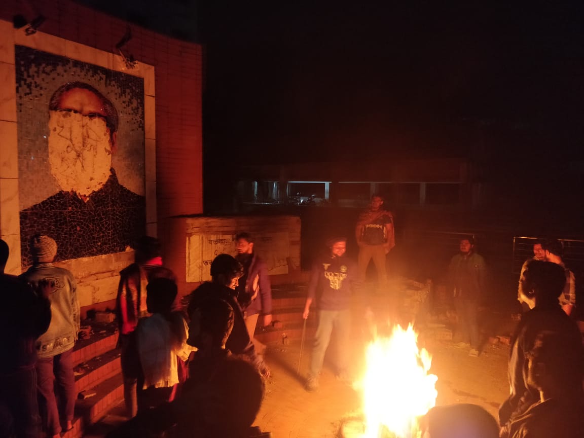 সিকৃবিতে বিক্ষোভ শেষে শেখ মুজিবের ম্যুরাল ভাঙচুর
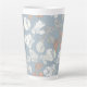 Delikate Zweige mit Blätter auf blau. Milchtasse
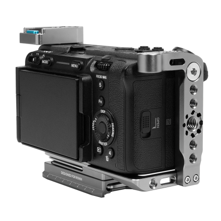Kondor Blue cage je vyroben z lehké, avšak pevné slitiny (hliník/kovové komponenty), navržen tak, aby pevně obepínal tělo Sony FX3/FX30 bez omezení přístupu k ovládacím prvkům, bateriovému prostoru a konektorům. Pevné upnutí minimalizuje vůli a zajišťuje konzistentní polohu kamery při použití stabilizačních systémů a gimbalů. Robustní design poskytuje mechanickou ochranu v terénu i ve studiu.
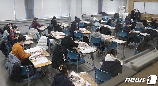 (서울=뉴스1) 안은나 기자 = 17일 서울 성북구 국민대학교에서 수험생들이 2021학년도 정시모집 조형대학 실기고사를 치르고 있다. 2021.1.17/뉴스1
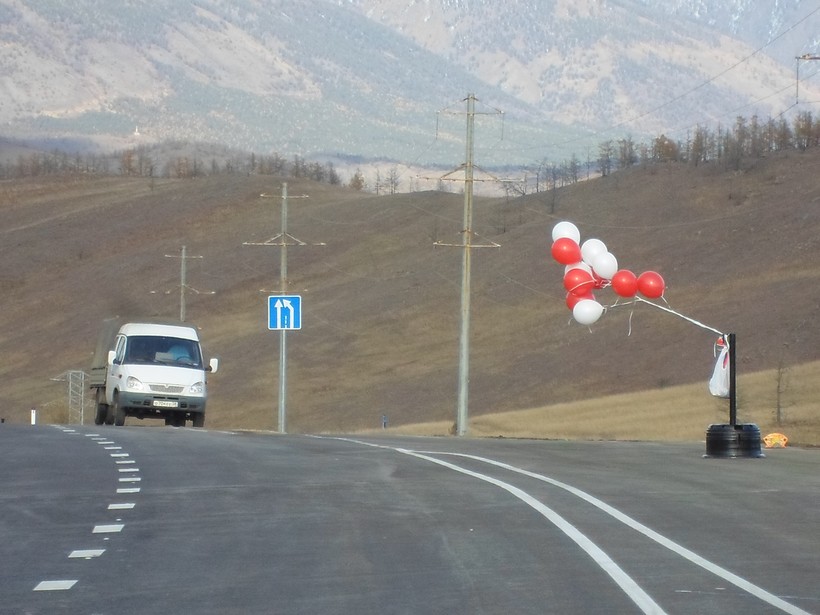 Мы выехали через северо-восточную окраину Иркутска на Якутский тракт. Далее он переходит в трассу Р-418, через Хомутово и Усть-Ордынский 130 км едем до посёлка Баяндай. Асфальтобетонное покрытие, довольно ровное, без колдобин. По одной полосе в каждую сторону, так что, обгон затруднён. Я не особо расстраивался этому обстоятельству и наслаждался видами вокруг дороги, имея, как почётный пассажир, на это полное право.
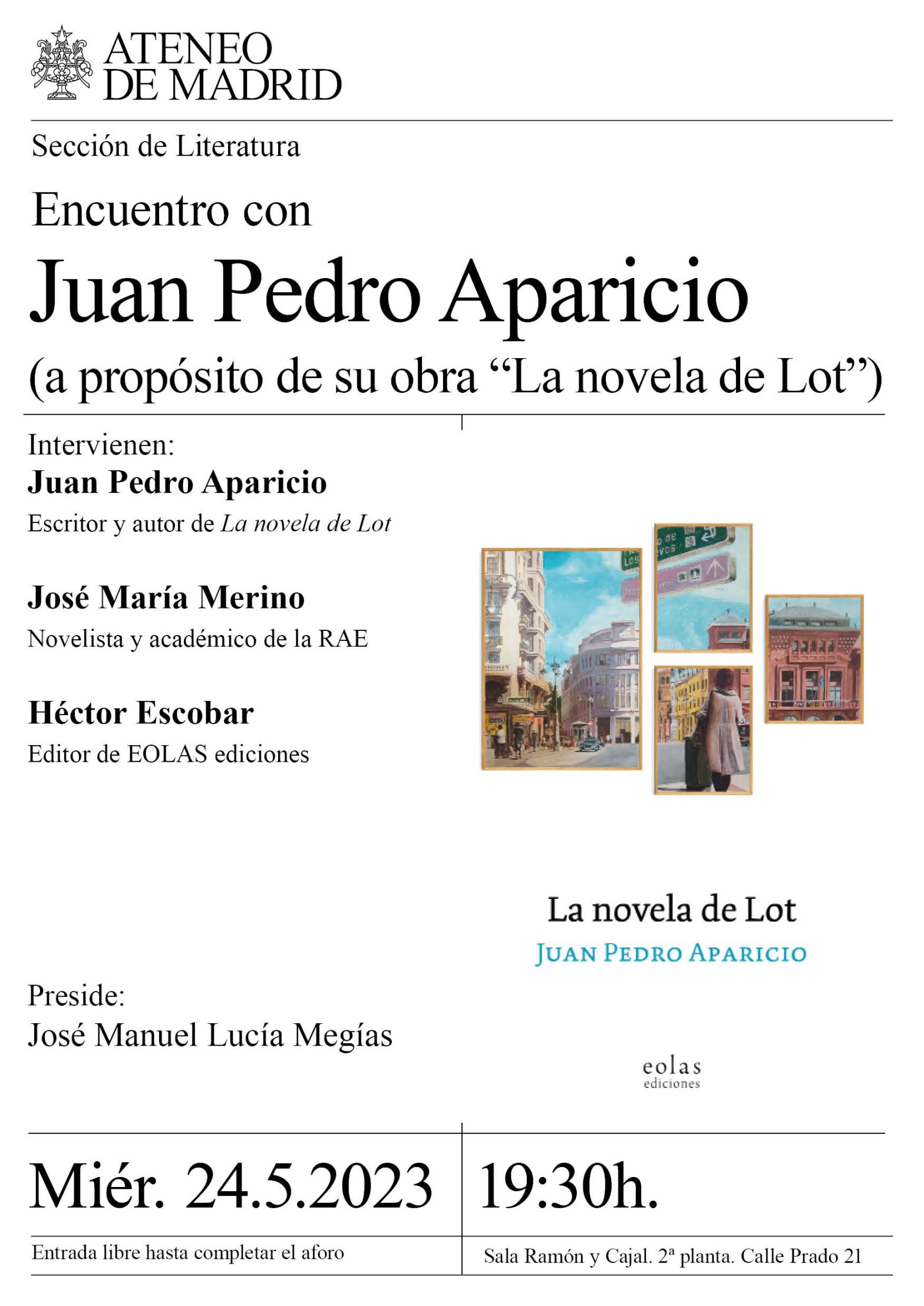 Sección de Literatura. Intervienen: Juan Pedro Aparicio, escritor y autor de La novela de Lot; José María Merino, novelista y Académico de la RAE; Héctor Escobar, editor de EOLAS ediciones. Preside: José Manuel Lucía Megías. Sala Ramón y Cajal. 19:30h.
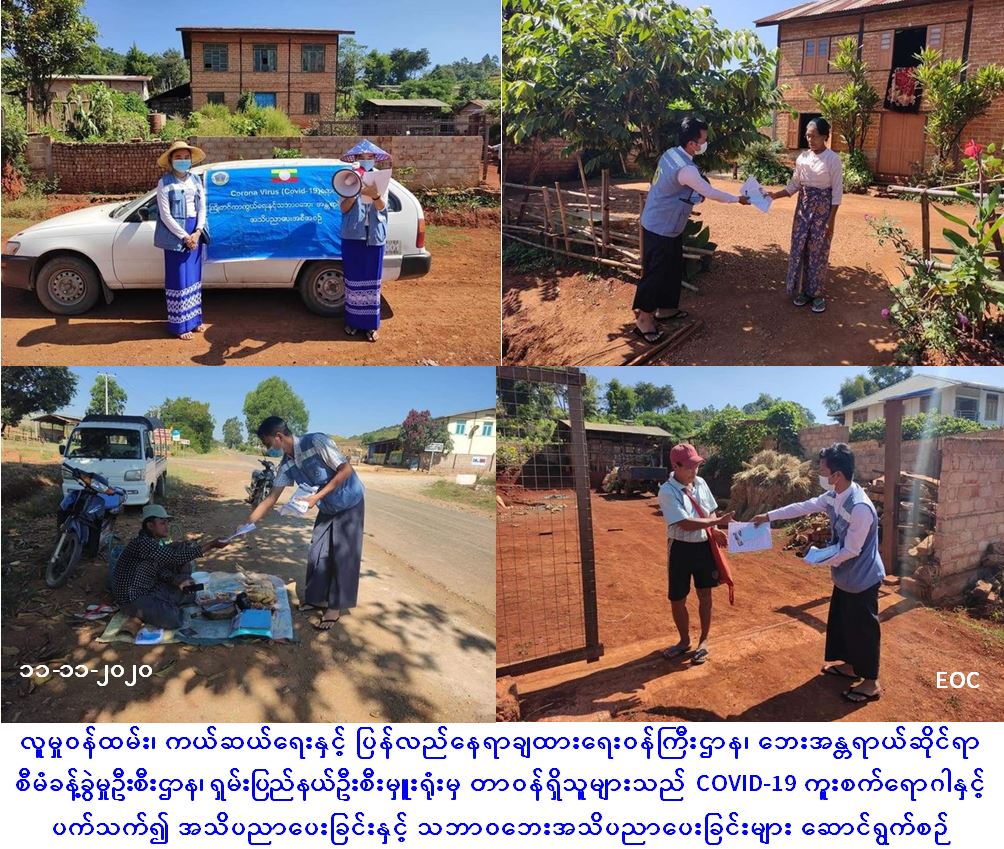 လူမှုဝန်ထမ်း၊ ကယ်ဆယ်ရေးနှင့် ပြန်လည်နေရာချထားရေးဝန်ကြီးဌာန၊ ဘေးအန္တရာယ်ဆိုင်ရာစီမံခန့်ခွဲမှုဦးစီးဌာန၊ ရှမ်းပြည်နယ်ဦးစီးမှူးရုံးမှ တာဝန်ရှိသူများသည် (၁၁-၁၁-၂၀၂၀) ရက်နေ့၊ နံနက်ပိုင်းတွင် ကလောမြို့နယ်၊ တောင်ပတ်ကျေးရွာနှင့် မြောက်မြေခြားကျေးရွာများအတွင်း COVID-19 ဒုတိယလှိုင်းကာလအတွင်း ပြည်သူများ လိုက်နာရမည့်ကျန်းမာရေးအမူအကျင့်များ အသိပညာပေးခြင်းနှင့် သဘာဝဘေးဆိုင်ရာ အသိပညာပေးခြင်းများကို Hand Speaker အသံချဲ့စက်များဖြင့် လှည့်လည်ဟောပြောခြင်း၊ Mask နှင့် အသိပညာပေးလက်ကမ်းစာစောင်များ ဖြန့်ပေးဝေခြင်းတို့အား ဆောင်ရွက်ခဲ့ကြောင်း သတင်းရရှိပါသည်။

· · · ·

From the first line to the last, set down the data exactly, without the pictures.

* Response to this task
 সিকৃবিতে বিক্ষোভ শেষে শেখ মুজিবের ম্যুরাল ভাঙচুর
 Delikate Zweige mit Blätter auf blau. Milchtasse
Kondor Blue cage je vyroben z lehké, avšak pevné slitiny (hliník/kovové komponenty), navržen tak, aby pevně obepínal tělo Sony FX3/FX30 bez omezení přístupu k ovládacím prvkům, bateriovému prostoru a konektorům. Pevné upnutí minimalizuje vůli a zajišťuje konzistentní polohu kamery při použití stabilizačních systémů a gimbalů. Robustní design poskytuje mechanickou ochranu v terénu i ve studiu.
 (서울=뉴스1) 안은나 기자 = 17일 서울 성북구 국민대학교에서 수험생들이 2021학년도 정시모집 조형대학 실기고사를 치르고 있다. 2021.1.17/뉴스1
 Мы выехали через северо-восточную окраину Иркутска на Якутский тракт. Далее он переходит в трассу Р-418, через Хомутово и Усть-Ордынский 130 км едем до посёлка Баяндай. Асфальтобетонное покрытие, довольно ровное, без колдобин. По одной полосе в каждую сторону, так что, обгон затруднён. Я не особо расстраивался этому обстоятельству и наслаждался видами вокруг дороги, имея, как почётный пассажир, на это полное право.
 Sección de Literatura. Intervienen: Juan Pedro Aparicio, escritor y autor de La novela de Lot; José María Merino, novelista y Académico de la RAE; Héctor Escobar, editor de EOLAS ediciones. Preside: José Manuel Lucía Megías. Sala Ramón y Cajal. 19:30h.
 လူမှုဝန်ထမ်း၊ ကယ်ဆယ်ရေးနှင့် ပြန်လည်နေရာချထားရေးဝန်ကြီးဌာန၊ ဘေးအန္တရာယ်ဆိုင်ရာစီမံခန့်ခွဲမှုဦးစီးဌာန၊ ရှမ်းပြည်နယ်ဦးစီးမှူးရုံးမှ တာဝန်ရှိသူများသည် (၁၁-၁၁-၂၀၂၀) ရက်နေ့၊ နံနက်ပိုင်းတွင် ကလောမြို့နယ်၊ တောင်ပတ်ကျေးရွာနှင့် မြောက်မြေခြားကျေးရွာများအတွင်း COVID-19 ဒုတိယလှိုင်းကာလအတွင်း ပြည်သူများ လိုက်နာရမည့်ကျန်းမာရေးအမူအကျင့်များ အသိပညာပေးခြင်းနှင့် သဘာဝဘေးဆိုင်ရာ အသိပညာပေးခြင်းများကို Hand Speaker အသံချဲ့စက်များဖြင့် လှည့်လည်ဟောပြောခြင်း၊ Mask နှင့် အသိပညာပေးလက်ကမ်းစာစောင်များ ဖြန့်ပေးဝေခြင်းတို့အား ဆောင်ရွက်ခဲ့ကြောင်း သတင်းရရှိပါသည်။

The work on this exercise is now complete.